Ouverture à Abidjan du procès de l’attentat de Grand-Bassam

Attaque de Grand-Bassam, en Côte d'Ivoire
Attaque de Grand-Bassam, en Côte d'Ivoire

Le procès de l’attentat djihadiste de la ville balnéaire de Grand-Bassam s’est ouvert ce jour, à Abidjan. Perpétrée en 2016, cette première attaque terroriste en Côte d’Ivoire avait fait 19 morts dont des ressortissants de pays européens. L’attaque avait été perpétrée en représailles aux opérations anti-djihadistes de la France et ses alliés au Sahel. Elle visait aussi la Côte d’Ivoire qui avait livré des membres d’Al-Qaïda aux autorités maliennes.

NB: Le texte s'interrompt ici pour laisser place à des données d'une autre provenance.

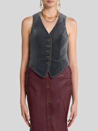 Cotton velvet waistcoat with buttons with raised Pegaso logo. This model features inner lining with a decorative, multicoloured floral Paisley print. • Regular fit • V-neck • Welt side slip pockets • Single-breasted closure • Made in Italy • The model is 5’10” (178 cm) tall and wears a size 40 (IT) PRODUCT DETAILS • 99% cotton, 1% elastane • Lining: 97% viscose, 3% elastane
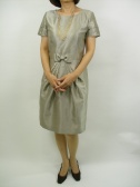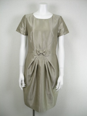 光沢あるシャンタン地を使用、ウエストのリボンがポイント。合わせるジャケットはボレロによってきちんとした席にもOK

Plusieurs accusés vont défiler devant le Tribunal criminel d’Abidjan pour répondre de leur implication dans l’attentat de Grand Bassam, revendiqué par Al-Qaïda. Une attaque qui a fait naître des craintes d’une extension de la violence djihadiste dans le Sahel. D’ailleurs, à la suite de cette attaque, les Etats-Unis avaient émis une notice rouge pour d’autres pays ouest-africains. Ce mercredi 30 novembre 2022, la justice ivoirienne tente d’élucider cette attaque meurtrière.

Richard Adou, procureur de la République d’Abidjan, avait précisé que « la procédure judiciaire ouverte à la suite de cet attentat, a abouti au renvoi de dix-huit accusés devant le tribunal criminel ». Selon le procureur, ces personnes devront « répondre des faits d’actes terroristes, assassinat, tentative d’assassinat, recel de malfaiteurs, détention illégale d’armes à feu et de munitions de guerre et de complicité desdits faits ».

Après Grand-Bassam, coup de massue sur le tourisme ivoirien

Flash-back : Nous sommes le 13 mars 2016, trois jeunes assaillants remontent la plage de Grand-Bassam, non loin d’Abidjan. Un lieu très fréquenté par des nationaux certes, mais aussi et surtout par des étrangers. Ouvrant le feu à l’aide de kalachnikovs, ils sèment la mort dans plusieurs hôtels et restaurants, en tirant sur des clients en terrasse. Ils seront finalement neutralisés par les forces de sécurité ivoiriennes.

L’attentat avait coûté la vie à 19 personnes. Au rang des ressortissants de pays étrangers, la France avait payé le plus lourd tribut. En effet, quatre Français avaient péri dans cet assaut djihadiste. En outre, neuf Ivoiriens, un Libanais, une Allemande, une Macédonienne, une Malienne, une Nigériane et une personne non identifiée, avaient été tués lors de l’attentat. Trente-trois personnes de diverses nationalités avaient également été blessées.

L’attaque avait par la suite été revendiquée par Al-Qaïda au Maghreb islamique (AQMI). Seuls quatre des accusés, actuellement en détention provisoire en Côte d’Ivoire, devraient être présents à ce procès. Les quatorze autres sont en fuite ou en détention au Mali. L’attaque avait porté un coup de massue au tourisme en Côte d’Ivoire.